Martin Rivas is an 1862 novel by Alberto Blest Gana (1830-1920), and is widely acknowledged as the first Chilean novel. The social realist novel is at once a passionate love story and an optimistic representation of Chilean nationhood. Written shortly after a decade of civil conflict, this national epic is an indispensable source for understanding politics, morals, and manners of society in nineteenth-century Chile.

==Synopsis==
The hero of the story is Martin Rivas, an impoverished but intelligent, ambitious young man from the northern mining region of Chile, who is entrusted by his late father, a gold rush speculator, to the household of a wealthy and influential member of the Santiago elite. While living there, Martin Rivas falls in love with his guardian's haughty daughter Leonore. The tale of their tortuous but ultimately successful love affair represents the author's desire for reconciliation between Chile's antagonistic regional and class interests. Indeed, many critics have interpreted Martin Rivas as a blueprint for national unity that emphasizes consensus over conflict.

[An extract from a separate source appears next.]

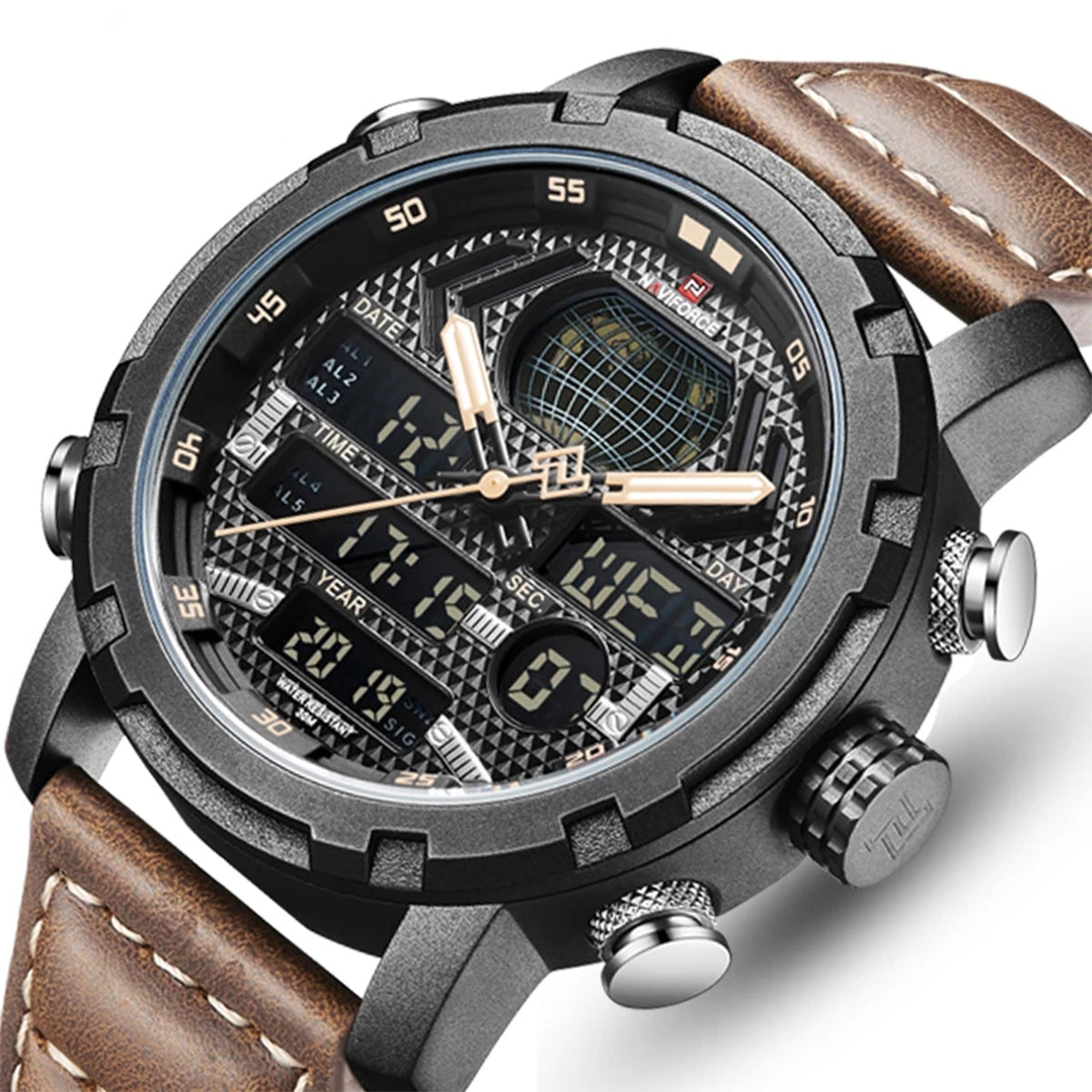 Reloj Naviforce Casual Marrón NAV-77 de moda con correa de cuero, 100% original de fábrica, garantía 1 año, el acompañante perfecto para el hombre actual.
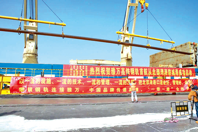 “此次雅萬(wàn)高鐵鋼軌的出口是我國(guó)首次出口長(zhǎng)定尺鋼軌,創(chuàng)造了特長(zhǎng)鋼軌裝船出海的歷史?!敝两?,提起幾年前的出口儀式,鞍鋼國(guó)貿(mào)攀枝花進(jìn)出口部門負(fù)責(zé)人依然感慨萬(wàn)千,“為加快裝船效率,我們與防城港碼頭公司等單位組建專業(yè)團(tuán)隊(duì)進(jìn)行技術(shù)攻關(guān),制訂多個(gè)海運(yùn)、陸運(yùn)和裝卸方案,配合相關(guān)單位,對(duì)防城港港口基礎(chǔ)設(shè)施進(jìn)行升級(jí)改造,解決了長(zhǎng)定尺鋼軌港口場(chǎng)地施工改造、港口吊裝設(shè)備的設(shè)計(jì)、施工、倒運(yùn)等多項(xiàng)難題,突破了國(guó)內(nèi)長(zhǎng)定尺鋼軌出口海外安全運(yùn)輸?shù)摹款i’?!?

In addition to providing humorous and biting commentary about the mores of Chilean society, Blest Gana documents the enormous gap that existed between the rich and poor classes. An invaluable text for its portrayal of contemporary social, political, and class conditions, Martin Rivas illustrates the enriching influence that romanticism had on nineteenth-century social realism. Parts of the novel were published as a serial-story in the Santiago newspaper La voz de Chile between May and July 1862.

== Narrative style ==

Kirkus Reviews refers to Blest Gana as "a would-be Balzac" in a review of the English translation of Martín Rivas; the review stated that "extended contrasts between Martin and his loved ones, colleagues, and enemies pays mixed dividends in an overly earnest, infuriatingly discursive narrative that nevertheless does gradually create a convincingly detailed picture of a culture under siege and in flux." The novel was praised in the 19th century for accurately and realistically depicting social customs of distinct social and economic classes.

== Legacy ==

- Martin Rivas is taught as part of the core curricula in Chilean public schools as the country’s preeminent novel of 'manners/ (costumbres) who message is to bring "civilization to the least educated classes of society."
- There are also popular Spanish language telenovelas and TV miniseries called Martin Rivas, and based upon the novels (1970, 1979, and 2010).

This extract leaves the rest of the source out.